Write a program that prints the numbers from 1 to 100. But for multiples of three print “Fizz” instead of the number and for the multiples of five print “Buzz”. For numbers which are multiples of both three and five print “FizzBuzz”.

Tuesday, February 21, 2012

#13 - When in St. Petersberg

That was a short break. Basically I wasn't liking the structure I was forcing myself into. Once I get a large corpus of solutions I can look into formatting, but in the mean time I will focus on stuff that entertains me, free of schedule constraints or themes.

But last Tuesday JetBrains publicly released the beta of Kotlin, their entry into the alternative not-just-JVM languages. There are several very interesting features of this language. And best of all it runs in an IDE I use on a daily basis: IntelliJ Idea. Since this will be the first of several posts, I will first present the solution that most of them will build on.
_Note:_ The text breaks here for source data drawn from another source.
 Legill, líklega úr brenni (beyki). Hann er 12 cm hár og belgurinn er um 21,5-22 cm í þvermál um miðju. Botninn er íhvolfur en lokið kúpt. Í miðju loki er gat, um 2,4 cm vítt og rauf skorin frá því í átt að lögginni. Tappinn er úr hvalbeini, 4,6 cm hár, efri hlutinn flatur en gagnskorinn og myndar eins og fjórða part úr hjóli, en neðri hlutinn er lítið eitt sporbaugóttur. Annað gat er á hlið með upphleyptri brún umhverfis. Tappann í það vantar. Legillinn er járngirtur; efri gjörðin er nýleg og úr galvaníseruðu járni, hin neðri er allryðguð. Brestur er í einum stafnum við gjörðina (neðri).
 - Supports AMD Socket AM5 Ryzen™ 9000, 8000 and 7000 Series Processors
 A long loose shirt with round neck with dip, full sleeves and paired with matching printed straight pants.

fun main(args : Array<String>) {
    for (i in 1..100) {
        when (i%15) {
            0 -> println("FizzBuzz");
            5,10 -> println("Buzz");
            3,6,9,12 -> println("Fizz");
            else -> println(i);
        }
    }
}

Instead of a switch statement Kotlin has a when statement (lines 3-8). This is for the most part syntactic sugar, but real sugar not the high fructose code syrup sold to public school programming students. At first blush it looks like changing the word when for switch and some other changes in the case blocks. And in this example, it is all the same. But it is denser and hence reads better.

First, you will not that there is no implicit fall-through. Each case statement matches up to exactly one expression (and that expression can be a multi-expression block). To fall through the rest of the switch you must explicitly use the continue statement. And even then it will simply continue to evaluate itself against the conditions rather than jump to the next block. So the old-school switch drop throughs which were the source of some mysterious bugs are not longer explicitly allowed.

Second, because of the single use structure of the blocks, multiple cases are combined into one comma-separated expression. This is possible because there is no possibility of fall-through between each label.

Finally, the default case (denoted by the else case) is required except in instances when "the compiler can prove that all possible cases are covered with branch conditions".

For this solution, I took advantage of the 15 number pattern in FizzBuzz and simply switched on the mod of 15. There is one case for a FizzBuzz, two for a Buzz, and four for a Fizz. Everything else falls into the else block. This actually reads fairly close to the text description of the problem statement.

The IntelliJ team writing Kotlin is based mostly in Russia. The name Kotlin is from the name of an island near St. Petersberg, which is not really that close to Rome.